As field hockey is generally an amateur sport on a worldwide scale, any money -- especially from American universities, paid by beverage and shoe companies -- is a major draw.

So, should there be limits on participation in NCAA field hockey by foreign players? It's been tried before in other sports. In the early 1990s, scolarships in women's ice hockey were frozen when it became clear that a mere three schools could dominate play by importing Canadian women. Since Northeastern, New Hampshire, and Providence were prevented from giving scholarships for a short while, it evened the recruiting field when the ban was lifted.

"On the college level, it's a political debate, and it depends on where you stand," said Leslie LaFronz, who saw the genesis of the debate while a field hockey player at Northwestern in the mid-80s. "If you believe that a college scholarship is to enable an athlete to participate at the college level, then you shouldn't be importing people. If there are legitimate people that want to play and want to come to the States for an education, then, of course they should be accepted. But to go and recruit overseas because you want to have a better program doesn't make you a good coach. It's all about politics, money, and prestige."

These days, recruitment of the foreign player is not done through travel, given the expenses. However, if your team is good enough to be known throughout the world, there is a kind of "passive" recruiting which comes through the reputation of a team or school.

"We don't give scholarships, so nobody is going to come here for one year," said Princeton head coach Beth Bozman, referring indirectly to the most brazen "player hire" in college history when Andrew Gaze of Australia helped Seton Hall University to the 1989 NCAA Division I men's basketball championship game, immediately dropping out of school afterwards.

"People come here because it's world-reknowned academically, and we have a good field hockey team," Bozman said. "We truly have the student athlete here."

The reason so many players are imported in Division I is simple. Field hockey recruiting is to the point where coaches feel that they either cannot bring a more sophisticated recruiting model to their methodology, or feel as though a foreigner can bring more to a team.

This, however, leads to "hiring" of players for less than a four-year career. Take, for example, Kent's quartet of foreign players in the 1998 season.

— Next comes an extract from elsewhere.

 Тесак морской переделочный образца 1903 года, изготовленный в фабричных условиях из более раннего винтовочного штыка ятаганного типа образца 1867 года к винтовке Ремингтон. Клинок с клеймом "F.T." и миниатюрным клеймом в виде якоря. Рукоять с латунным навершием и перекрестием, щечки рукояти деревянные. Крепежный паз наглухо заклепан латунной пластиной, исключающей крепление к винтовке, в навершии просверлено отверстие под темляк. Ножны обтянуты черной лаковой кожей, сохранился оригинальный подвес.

The Flashes were the highest-scoring team in Division I, and had the highest-scoring player in Versterre. All four of these Dutchwomen, however, left school and are not on the 1999 roster.

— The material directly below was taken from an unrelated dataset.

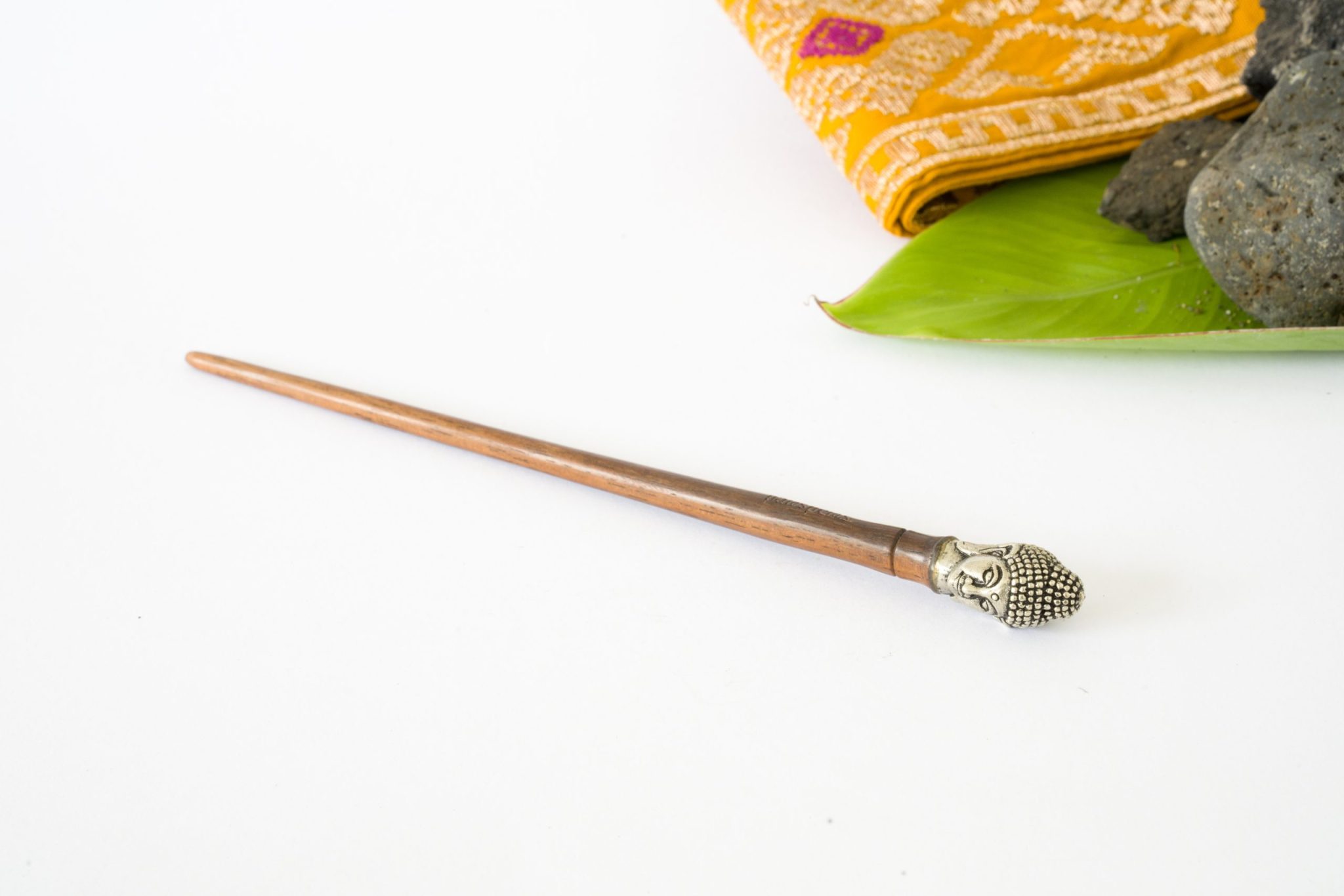 The beautiful bust of Buddha that decorates this design is made of white metal on sono wood.

To be sure, according to many foreign players, they possess abilities of the average American basketball player who would choose to be overseas.

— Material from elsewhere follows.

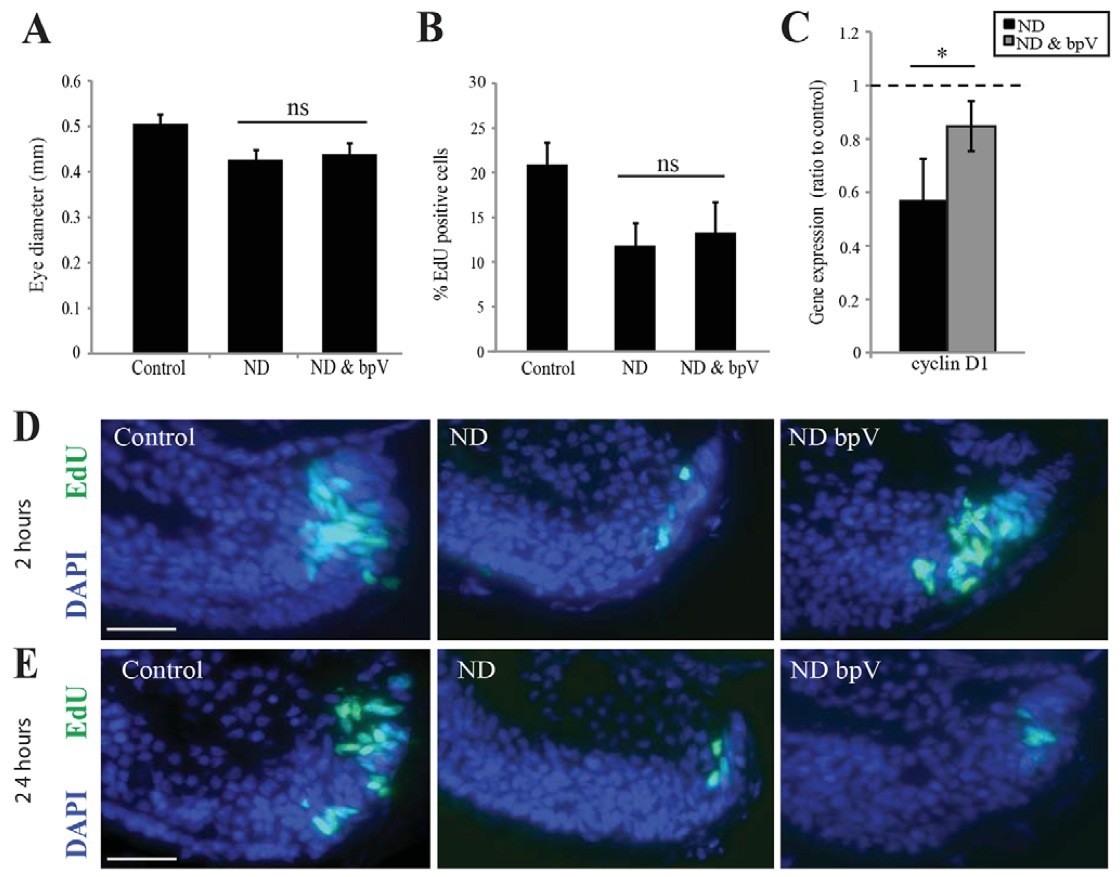 Fig. 8. Activation of mTOR signalling is sufficient to initiate, but not maintain, progenitor proliferation. (A-C) Eye size at stage 41 was not rescued by bpV (A), nor was proliferation (B), despite expression of Cyclin D1 being significantly higher than in ND embryos (C). n=4, 16 embryos/condition. Error bars show 95% confidence intervals; *P≤0.05 (unpaired t-test). (D,E) In explanted cultures a short-term incubation (2 hours) with bpV was sufficient to initiate proliferation in ND retinas; however, bpV treatment was not sufficient to maintain proliferation for longer periods. n=4, 20 retinas/condition. Scale bars: 50 μm (E,F). |

Here in the U.S., basketball is taught and learned by watching and doing rather than a series of drills done by rote during long practices or training sessions. In the U.S., players on every back lot, every playground imitate Michael Jordan or Magic Johnson.

Similarly, in places like The Netherlands, field hockey players on public fields all over the country imitate Floris Jan Bovelander rather than doing a series of drills done by rote during long practices or training sessions.

"Back in Holland, we let the ball do the work," said Dutch native Esther DeBoer-Novis, who came to Princeton (N.J.) while in high school and was immediately one of the county's better players in the early 1980s. "I remember having to do an awful lot of running."

"How do you compare a player from Holland who starts at the age of three?" LaFronz said. "It's the school's decision if they want to bring in someone who can't do the coursework."

Thanks to a strong foreign influence, however, players and their American coaches have become more skilled and creative. In addition, you can see practices and camps where the "small games" method of warming up and working out are used, rather than setting up a line of cones as an obstacle course.

But it remains to be seen whether American players, even after a decade of Futures, can compete not only on the field, but for a pool of scholarship money under pressure from all sides.